In the weeks between the initial presentation of USM’s budget on Nov. 15 and Dec. 9, when the estimate was revised, the structural gap between the funds available and the funds required to keep the university running for the coming year has grown from $11.9 million to $13.9 million.

Dick Campbell, USM’s chief financial officer, attributes the majority of this budget shortfall to declining enrollment. When Campbell presented the increased estimate for the budget gap to the Direction Package advisory board, he said that the increased estimate is based on higher costs in the employment contracts for USM faculty and professional and classified staff.

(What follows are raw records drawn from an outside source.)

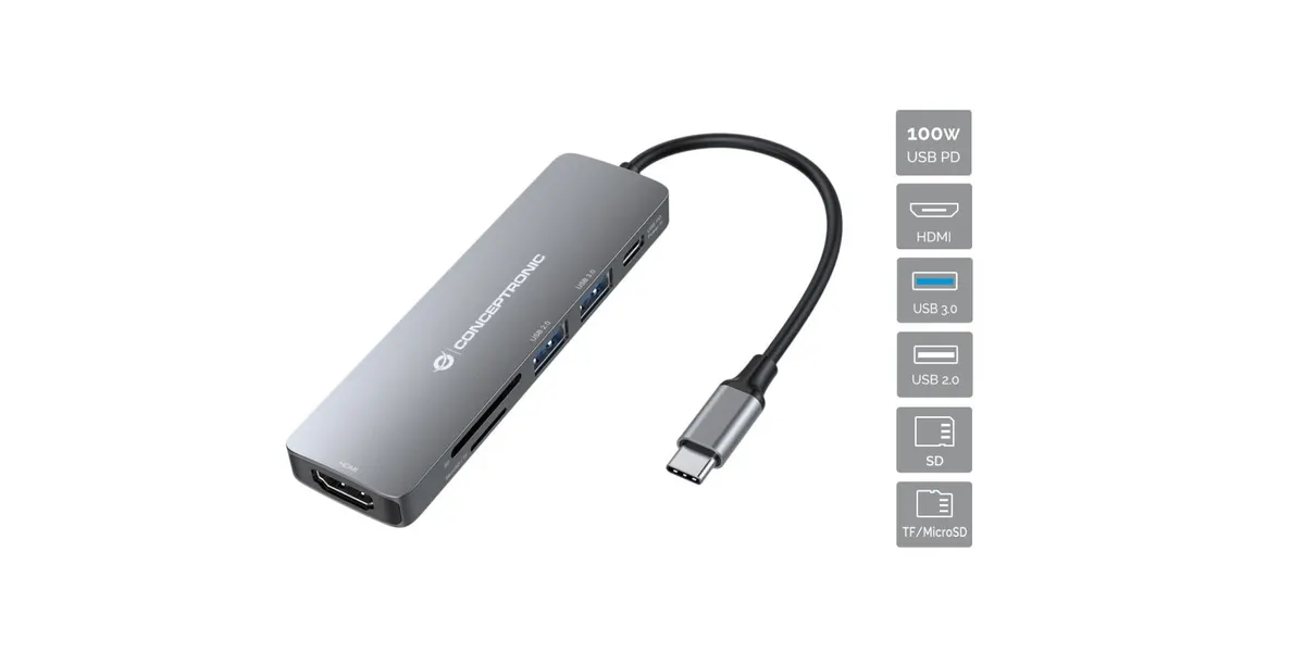 Dock USB-C->HDMI,SD,GbE,USB3.0/2.0,PD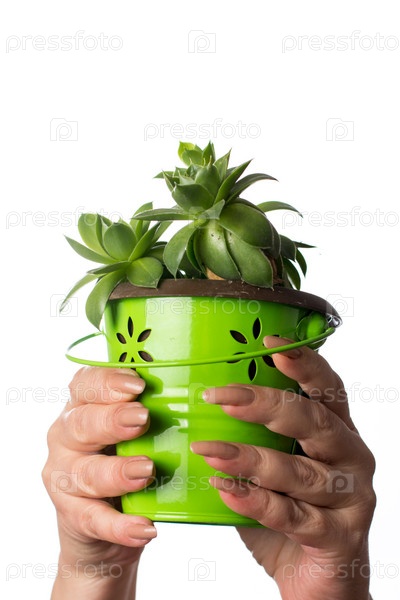 Руки с цветком в горшке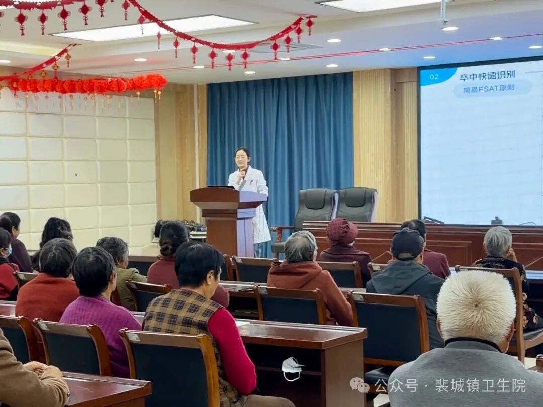 為了提高轄區(qū)內(nèi)老年人對腦卒中的認識和預(yù)防能力,增強健康管理意識與自我防護能力。2025年10月16日下午,裴城鎮(zhèn)衛(wèi)生院組織科普宣講團開展世界卒中日健康教育知識講座活動。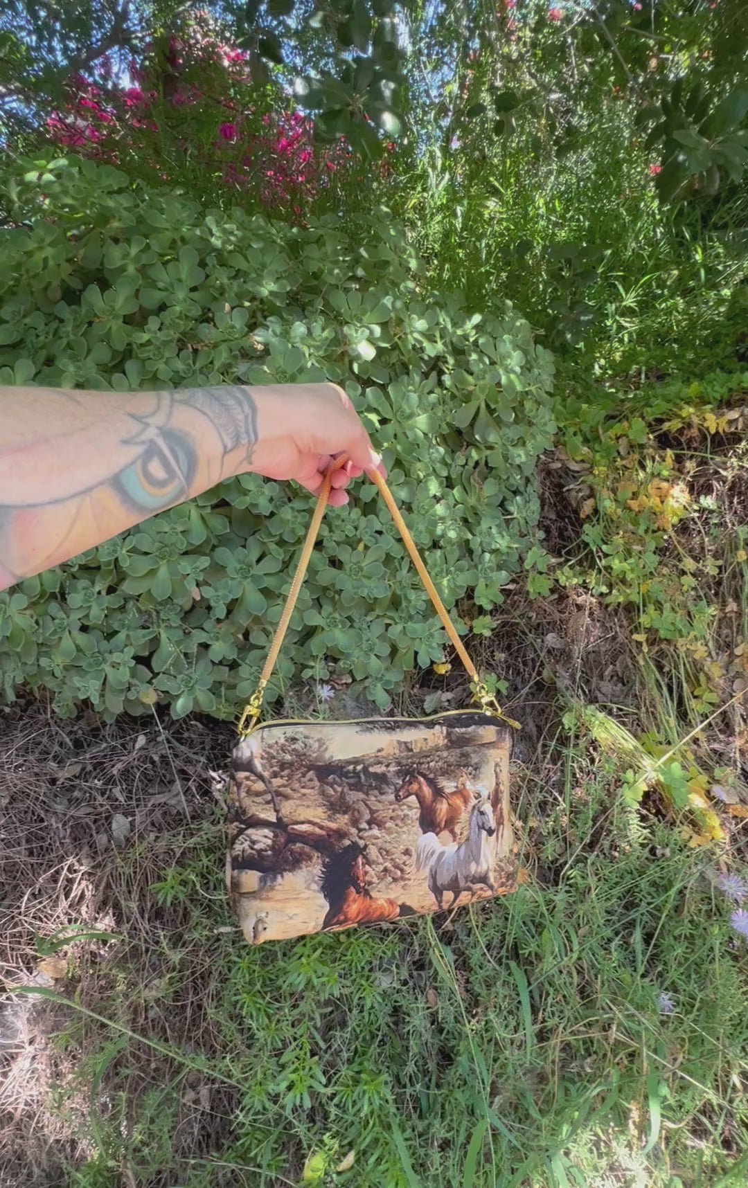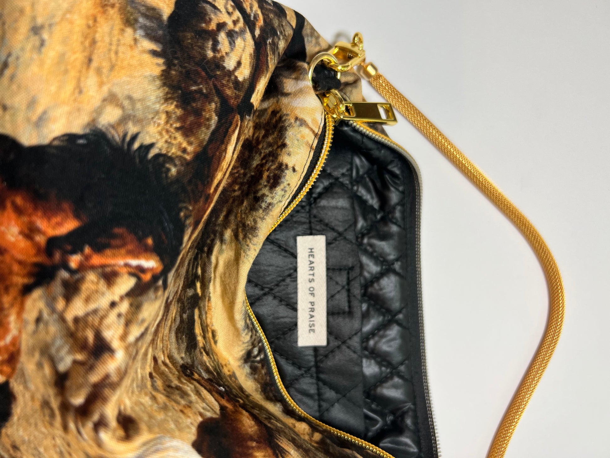 Horse print handbag with removable gold shoulder strap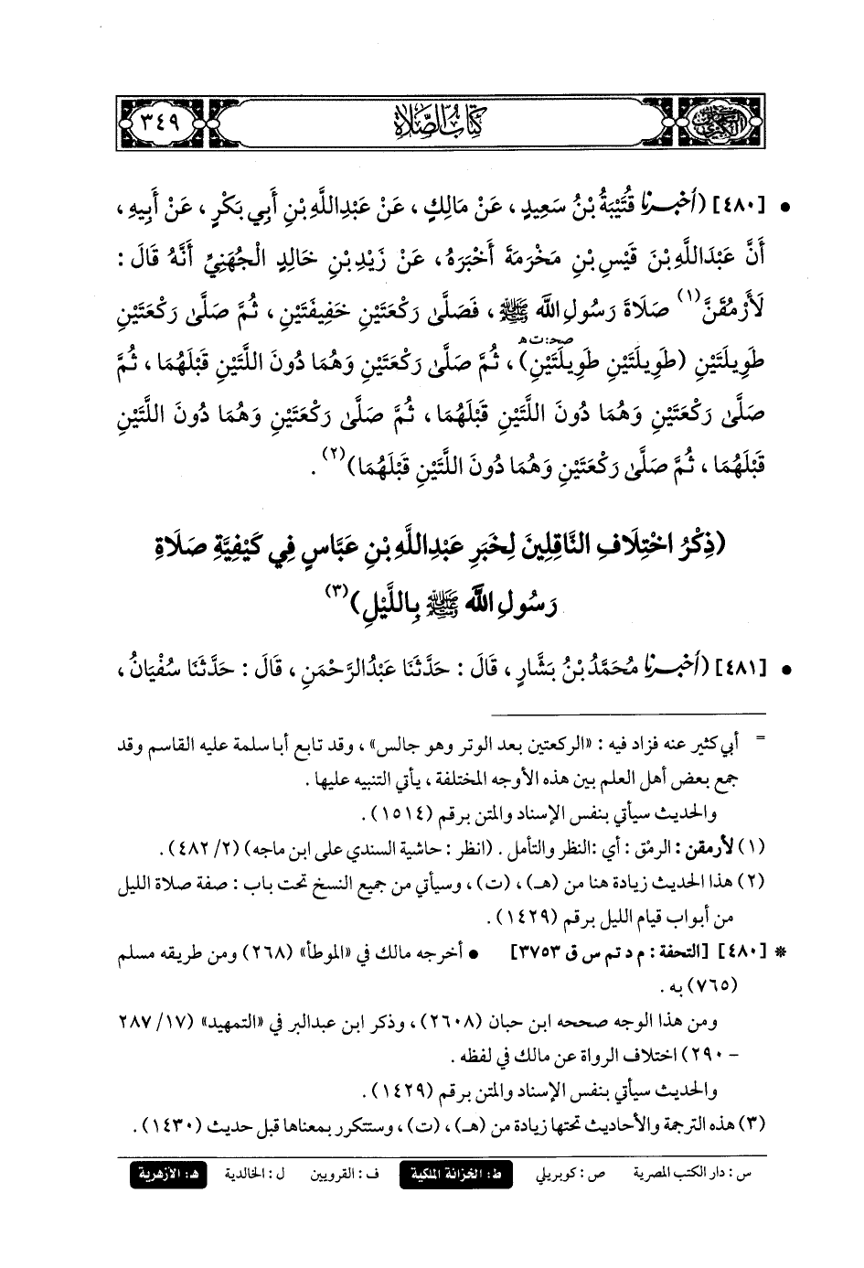 480- أَخبَرنا قُتَيبَةُ بنُ سَعِيدٍ، عَن مَالِكٍ، عَن عَبدِ اللهِ بنِ أَبي بَكْرٍ، عَن أَبيهِ، أَنَّ عَبدَ اللهِ بْنَ قَيْسِ بنِ مَخْرَمَةَ، أَخبَرَهُ عَن زَيْدِ بنِ خَالِدٍ الجُهَنِيُّ، أَنَّهُ قَالَ: لأَرْمُقَنَّ صَلاةَ رَسُولِ اللهِ صَلى الله عَليه وسَلم، فَصَلَّى رَكْعَتَيْنِ خَفِيفَتَيْنِ، ثُمَّ صَلَّى رَكْعَتَيْنِ طَوِيلَتَيْنِ طَوِيلَتَيْنِ طَوِيلَتَيْنِ، ثُمَّ صَلَّى رَكْعَتَيْنِ وَهُمَا دُونَ اللَّتَيْنِ قَبْلَهُمَا، ثُمَّ صَلَّى رَكْعَتَيْنِ وَهُمَا دُونَ اللَّتَيْنِ قَبْلَهُمَا، ثُمَّ صَلَّى رَكْعَتَيْنِ وَهُمَا دُونَ اللَّتَيْنِ قَبْلَهُمَا، ثُمَّ صَلَّى رَكْعَتَيْنِ وَهُمَا دُونَ اللَّتَيْنِ قَبْلَهُمَا.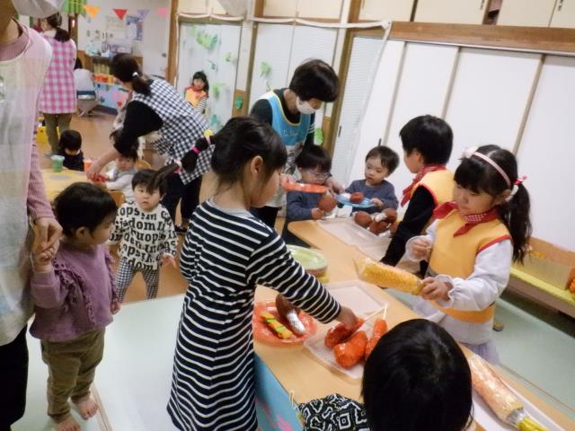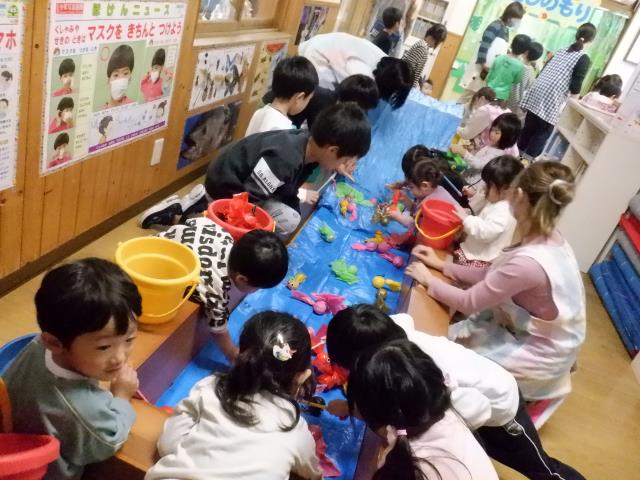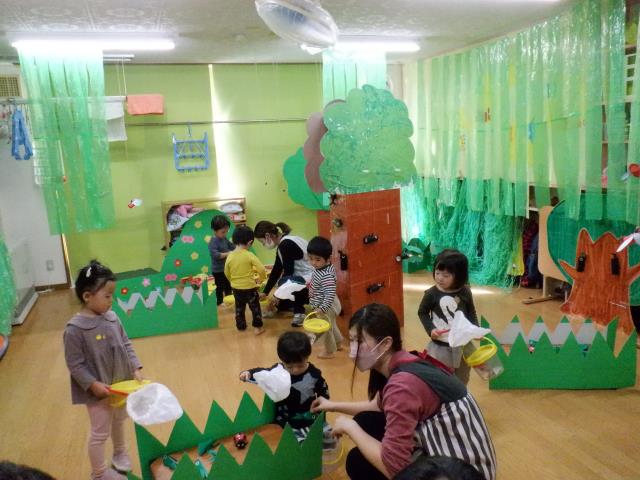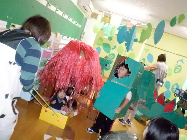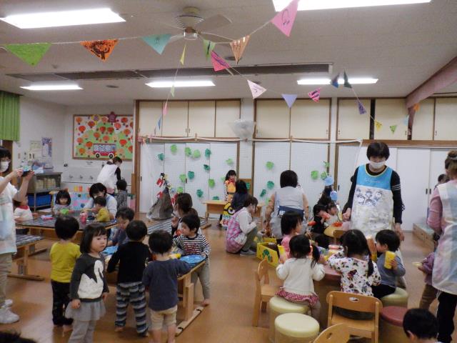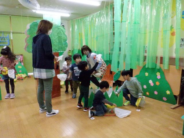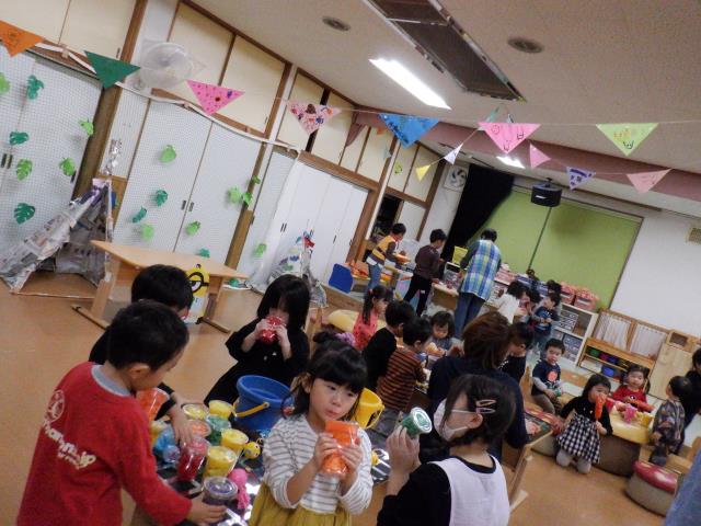 遊びながら異年齢でかかわったり、先生やお友達と一緒にコーナーをまわったりと楽しく過ごし、途中でゆりさんの打ち上げ花火も開催!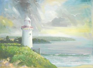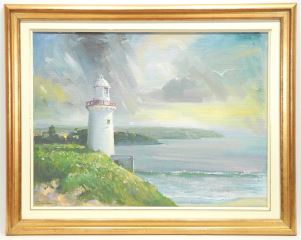 Oil on Board signed (Ron) Wilson, 18 " x 24", "Irish Lighthouse" with Auction Catalogue.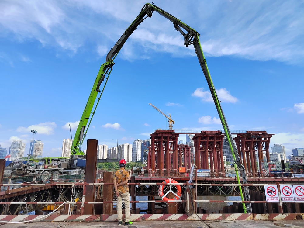 此次澆筑的承臺位于東江東岸,采用21米鋼板樁圍堰施工,圍堰插入水下沙卵層10米,施工難度較大。為確保順利澆筑,項目部組織召開承臺澆筑技術(shù)交底。澆筑前,從攪拌站混凝土質(zhì)量、配比控制、運(yùn)輸能力、澆筑管控、后勤保障等方面進(jìn)行周密安排,確保澆筑萬無一失。澆筑過程中,施工人員采取不間斷施工,技術(shù)人員全程盯控,歷時16小時完成澆筑。目前,鵝城大橋橋樁基、承臺已全部完成,墩身和架梁在同步施工中。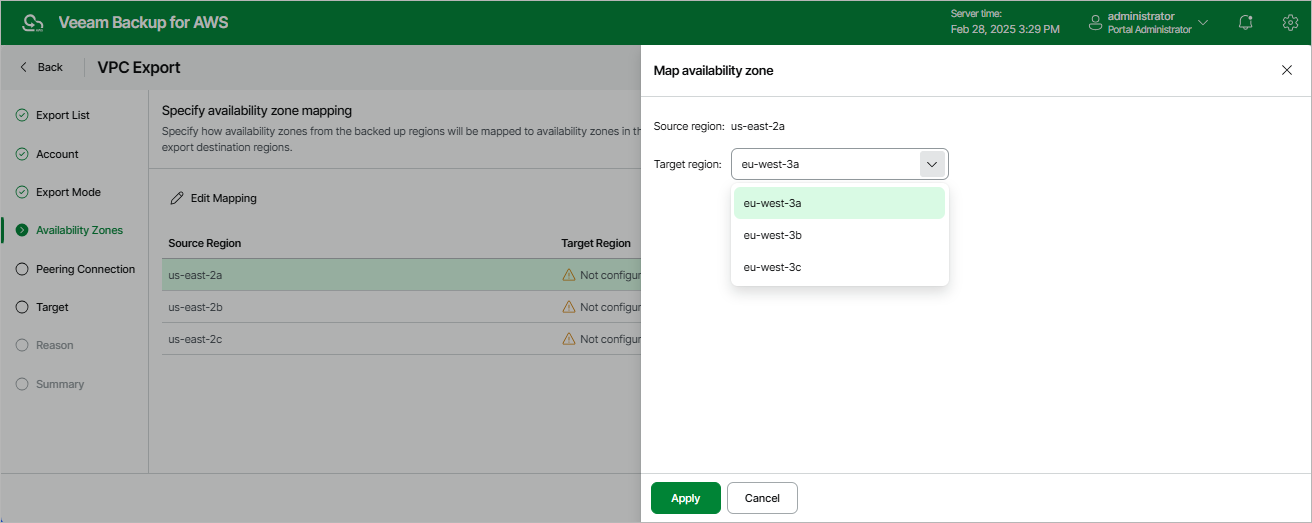 At the Availability Zones step of the wizard, for each source Availability Zone, choose an Availability Zone in the target AWS Region where VPC configuration items of the source Availability Zone will be restored: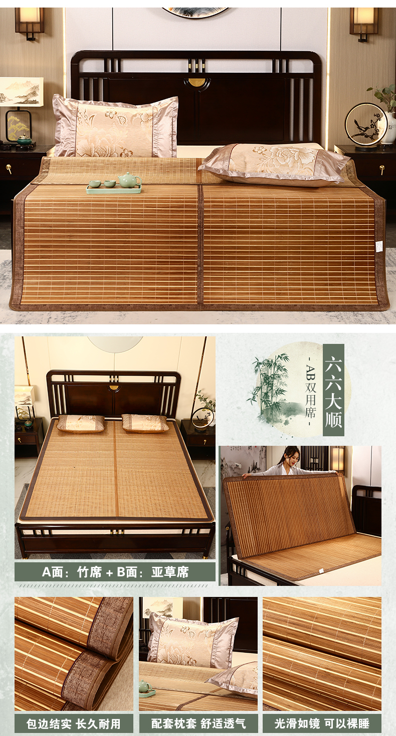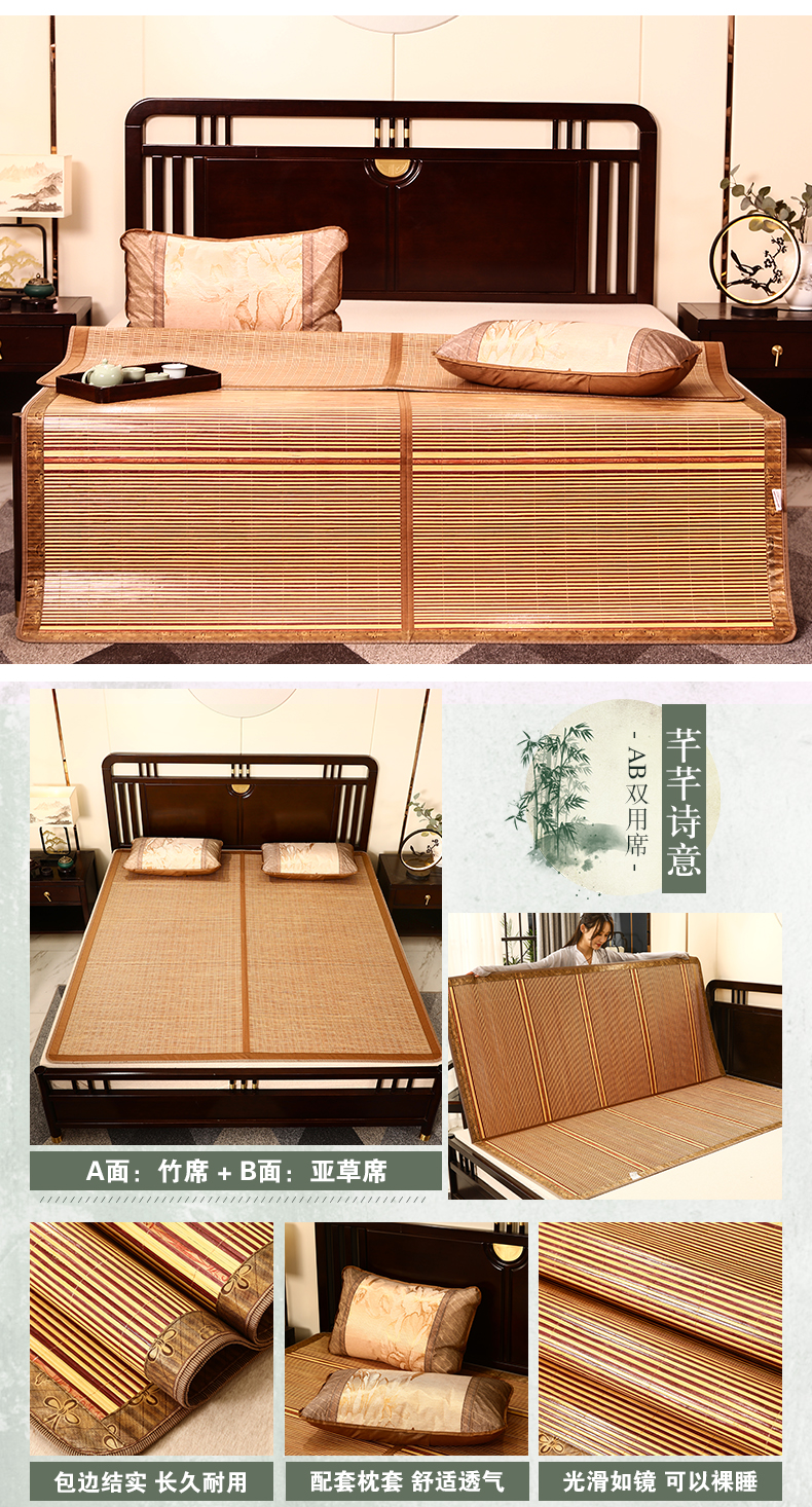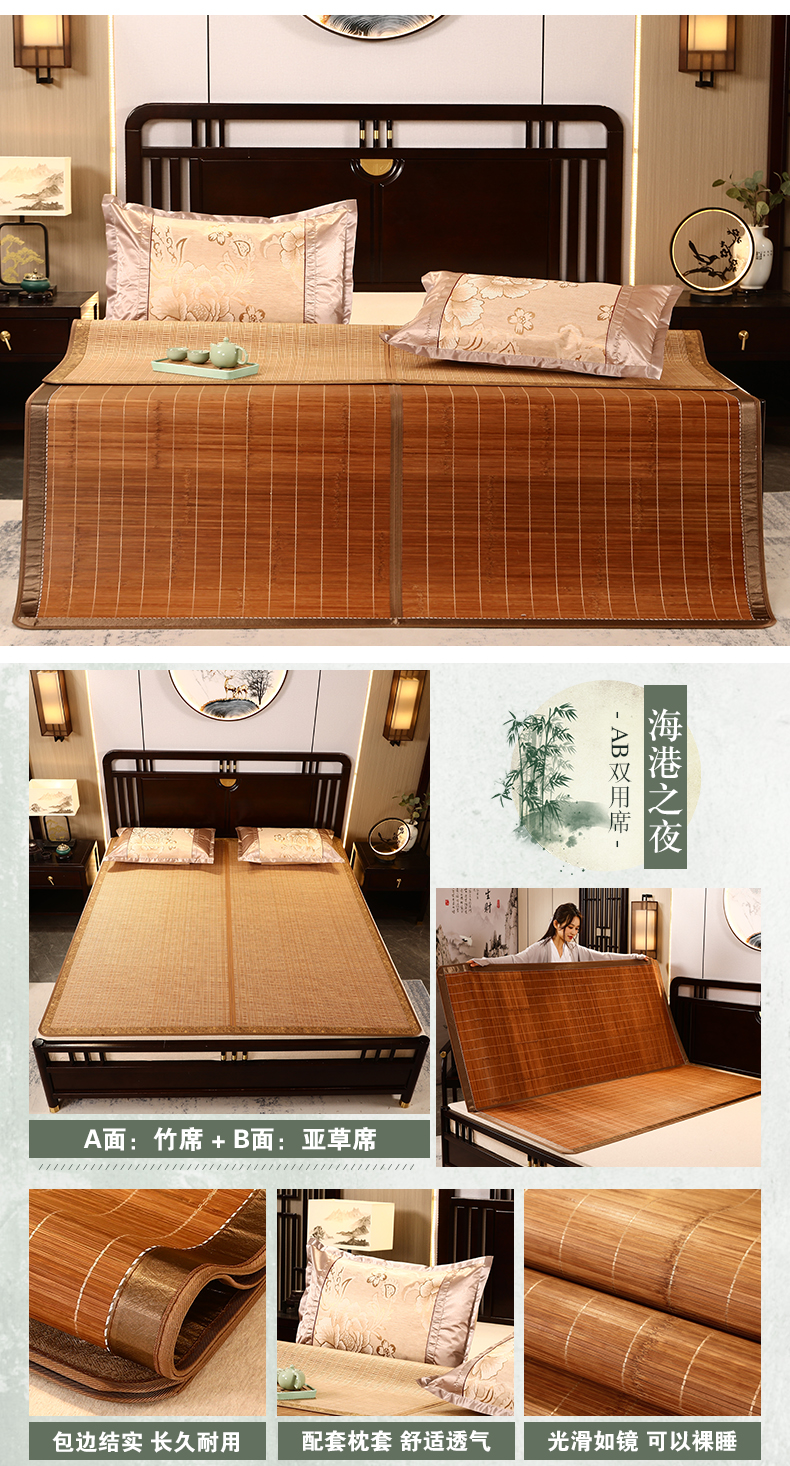 夏季碳化竹席可折疊席子單雙人宿舍1.5米1.8m床空調(diào)涼席雙面可用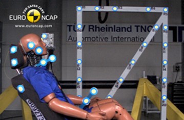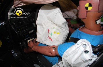 The passenger compartment remained stable in the frontal impact. Structures in the dashboard presented a risk of injury to the knees and femurs of the driver and front passenger, and protection of that body region was rated as marginal. Good protection was provided in the side barrier test and the car scored maximum points. In the more severe side pole impact, readings from the dummy chest indicated a weak level of protection. Marginal protection was provided against whiplash injuries in the event of a rear impact.

A certain amount of increase in compensation for faculty and staff was factored into the first budget projections, Campbell said, but the contract for the Associated Faculties of the Universities of Maine, which was approved provisionally in November and finally ratified in early January, was higher than anticipated. The full-time faculty of the universities of Maine have been working under the terms of an expired contract while negotiating with the university system since 2011, and the projections for what that contract would entail have fluctuated over the course of negotiations
These higher than anticipated costs enumerated in the new AFUM contract had further effects as well. “Based on the settlement of the AFUM contract, the costs of settling contracts with other bargaining units and the increases to non-represented employees were revised,” Campbell said.

Another reason for the change in estimated shortfall, which grew by approximately $2 million per fiscal year for the next five years in the three and a half week period, Campbell said, is “the expectation that the campus will invest more in maintaining the physical plant.”